Venga Aerospace Systems Inc.

November 14, 2006 13:21 ET

Venga Signs Agreement to Create New 3D Joint Venture: Announces Private Placement

TORONTO, ONTARIO--(CCNMatthews - Nov. 14, 2006) - Venga Aerospace Systems Inc. ("Venga") (TSX VENTURE:VAV)(PINK SHEETS:VNGAF) is pleased to announce that further to its earlier announcements dated, June 22, 2005 and September 15, 2006, it has now entered into a joint venture agreement with 3DP North America, Inc., of Kenner, Louisiana, United Business & Capital Services, LLC of Kenner, Louisiana, EKG, LLC of Lafayette, Louisiana and Armadillo Photo Supply, Inc. ("Armadillo Photo") of Houston, Texas, creating a new joint venture to provide a range of advanced 3D products and print services for both commercial and consumer customers. Pursuant to the terms of the joint venture agreement, Venga will own 30% of the proposed business whose operations will be located in Armadillo Photo's main Houston production facility (www.armadillophoto.com). The new joint venture, which will operate as the 3DP North American Joint Venture, will be purchasing a portion of Venga's existing inventory of cameras and production equipment for $50,000.00 USD and will be paying Venga an annual licencing fee of $50,000.00 USD during the currency of the joint venture.

Venga further announces that it has arranged to sell 13,352,400 common shares at a price of $0.05 CDN to raise gross proceeds of $600,000.00 USD. No finder's fee is payable in connection with this private placement.
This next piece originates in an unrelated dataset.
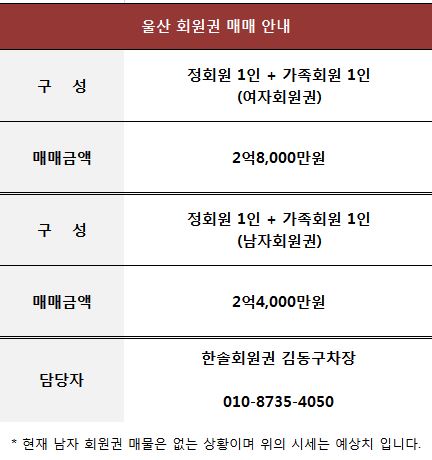 울산CC 골프 회원권 매매 정보
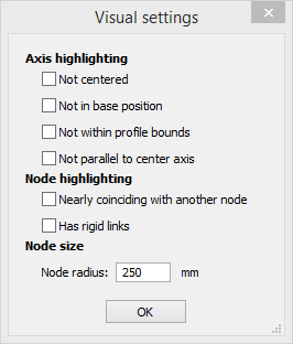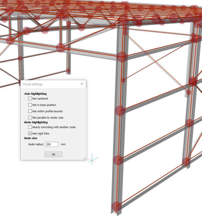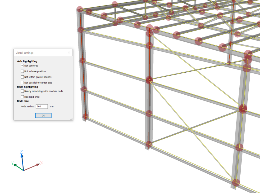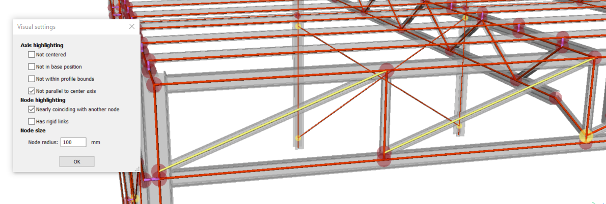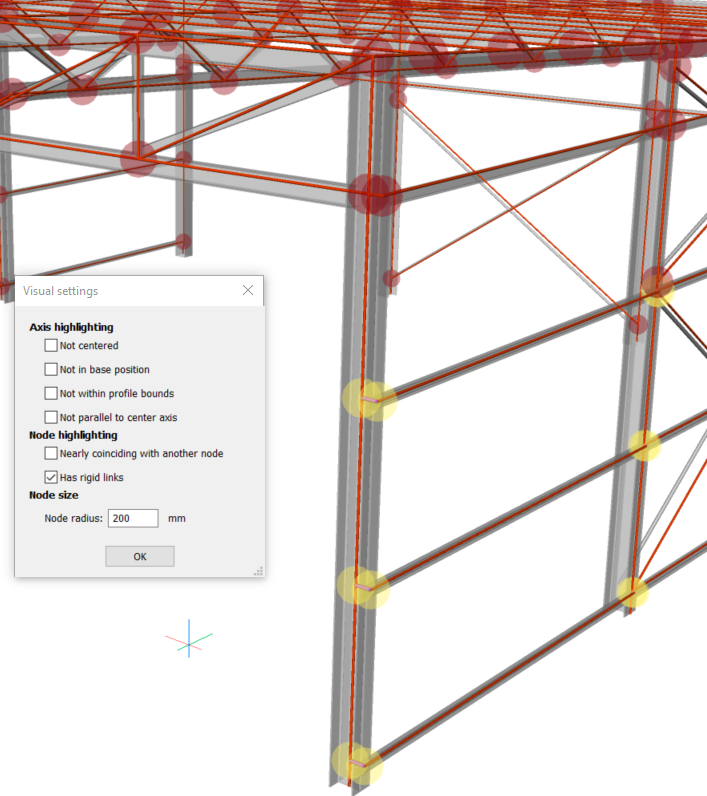Außerdem wird das Fenster mit den visuellen Einstellungen angezeigt. In diesem Fenster können Sie verschiedene Achsen und Knoten markieren und die Achsen und Knoten, die diesen Features entsprechen, hervorheben (gelb). Auf diese Weise können Sie die aktuellen Eigenschaften der Achse und der Knoten des analytischen Modells untersuchen. Basierend auf Ihren Erkenntnissen können Sie feststellen, ob Anpassungen vorgenommen werden müssen. Sie können auch die Größe der Scheiben ändern, die die Knoten darstellen. Dies ist in Kombination mit der Knotenhervorhebung nützlich, die zum Beispiel verwendet werden kann, um fast zusammenfallende Knoten zu finden.

Insiders are not participating in the private placement and no "control persons" (as defined in Policy 4.1 of the TSX Venture Exchange) or new insiders will be created as a result of the private placement. Venga will be using the proceeds of this private placement as the Company's capital contribution to the new joint venture. The closing of the private placement is subject to approval of the TSX Venture Exchange and all shares issued pursuant to the private placement will be subject to a four month hold period following the closing date.

Further to its September 21, 2006 press release, the Company announces that it has paid Global Mineral Investments, LLC. ("GMI") consideration having a value of $45,000.00 USD for the Company's previously announced acquisition of a 3% equity interest in GMI. Venga has the option over the next three years of acquiring up to an additional 15% equity position in GMI at a cost of $30,000.00 USD for each percentage of equity acquired.

This press release contains forward-looking statements within the meaning of the "safe harbor" provisions of the Private Securities Litigation Reform Act of 1995. These forward-looking statements are subject to certain risks and uncertainties that may cause the Company's results to differ materially from expectations and speak only as of the date hereof.

SHARES ISSUED: 201,184,633

The TSX Venture Exchange does not accept responsibility for the adequacy or accuracy of this release.